When the maximum number of pages is reached, the page-stealer daemon becomes dormant again. This procedure enables the virtual memory subsystem to keep the most recently used pages in memory and move the least recently used pages to swap space, where they can be easily accessed if necessary.

The value associated with the vm-page-free-reserved attribute specifies the absolute minimum number of pages on the free page list. If the free page list falls below the value associated with the vm-page-free-reserved attribute, only privileged tasks can get memory, thus preventing deadlocks.

The page-stealer daemon maintains a ratio of one active page to two inactive pages. If the inactive list becomes too small, the page-stealer daemon deactivates the oldest and least recently used pages and moves them to the inactive list.

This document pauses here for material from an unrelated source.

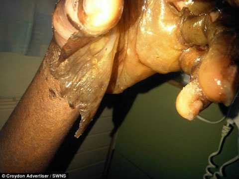 | Trước và sau khi Marian Adejokun bị lột da. |

When the virtual memory subsystem maps an application into memory, it tries to anticipate which pages the task will need next. Using an algorithm that checks which pages were most recently used and the size of the free page list (as well as other factors), it passes some number of pages to the task in addition to the requested page. It tries to anticipate the pages that a task will need, thus accelerating the execution of the application by lowering the chances that a page fault will occur.

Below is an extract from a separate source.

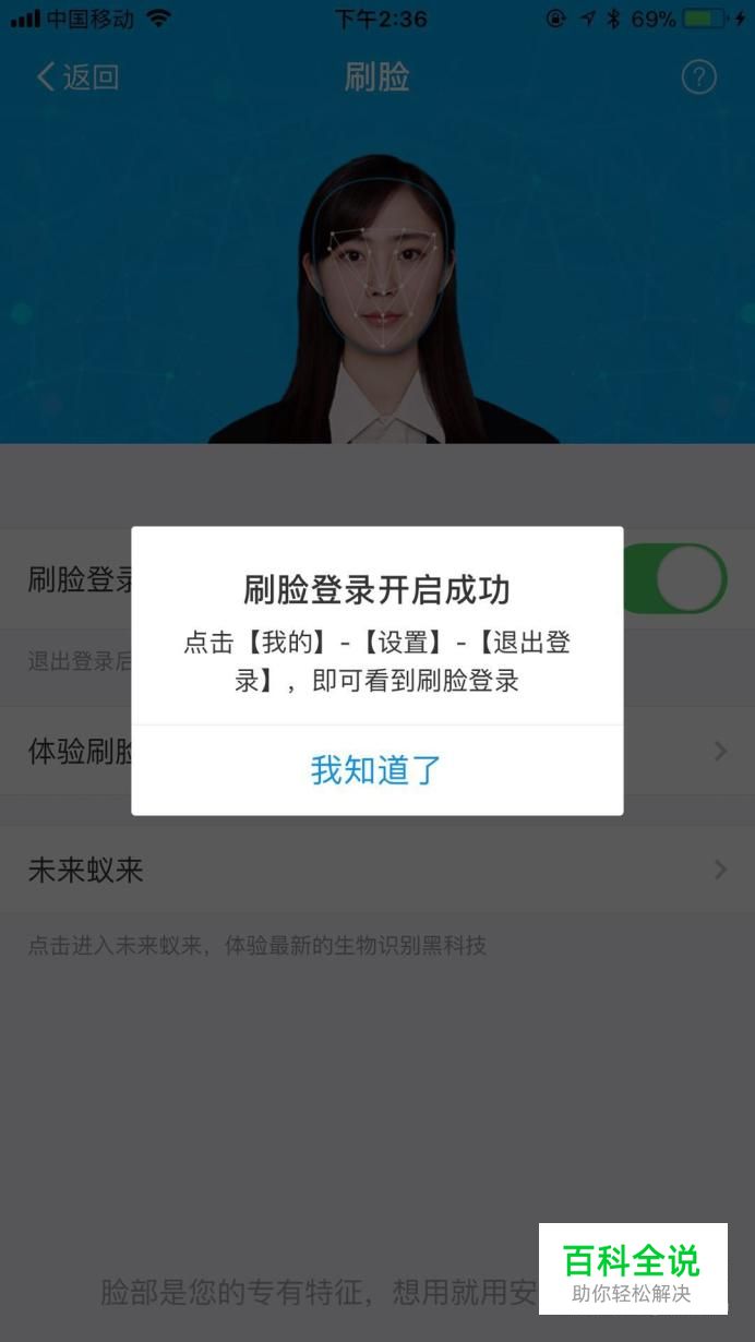 这样支付宝刷脸登录就开启成功了。

The virtual memory subsystem also attempts to optimize the utilization of the secondary cache. To do this, it uses a nontunable technique called page coloring. Essentially, it attempts to map the most recently referenced pages of a running task's virtual address space into the secondary cache and to execute the entire task, text, and data out of that cache. If the task is loaded in the secondary cache, the task does not have to fetch from physical memory and the task's execution time is decreased.

The virtual memory subsystem maintains system-wide counters for all of the physical pages that it manages. The following counters, which can be viewed with the vmstat command, track the overall use of physical memory:

act: The total number of pages on the active list, the inactive list, and the UBC LRU list

free: The physical pages not currently in use

wired: The physical pages currently in use and not pageable

See Section 2.2.3 for additional information on the vmstat command.

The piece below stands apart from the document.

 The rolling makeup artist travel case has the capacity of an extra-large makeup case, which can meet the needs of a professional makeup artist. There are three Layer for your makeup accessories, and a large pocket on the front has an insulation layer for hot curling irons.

To determine how much memory an application uses, you can use the ps command. The ps aux command displays the virtual address size (VSZ), which is the total amount of virtual memory allocated to the process, and its resident set size (RSS), which is the total amount of physical memory mapped to virtual pages at some point in time. See Section 2.2.1 for additional information on the ps command.

Figure 1-3 shows the amount of time that it takes to access data and instructions in memory and on disk. It illustrates the impact that excessive paging and swapping could have on the performance of an application.

Figure 1-3: Time Consumed to Access Storage Locations

1.3.1.1 Paging and Swapping

Paging and swapping is the process of moving pages between memory and disk to ensure that a task has the pages in memory that it needs to run. The virtual memory subsystem controls this activity. It initiates paging and swapping activity under the following circumstances:

Page in - A page in occurs strictly in the context of a task when it allocates the pages that it needs to execute. When you first execute a task, a page in occurs. If the address of a referenced page is not in the translation buffer or any of the internal data structures, the virtual memory subsystem must go to disk to obtain the page and bring it into memory.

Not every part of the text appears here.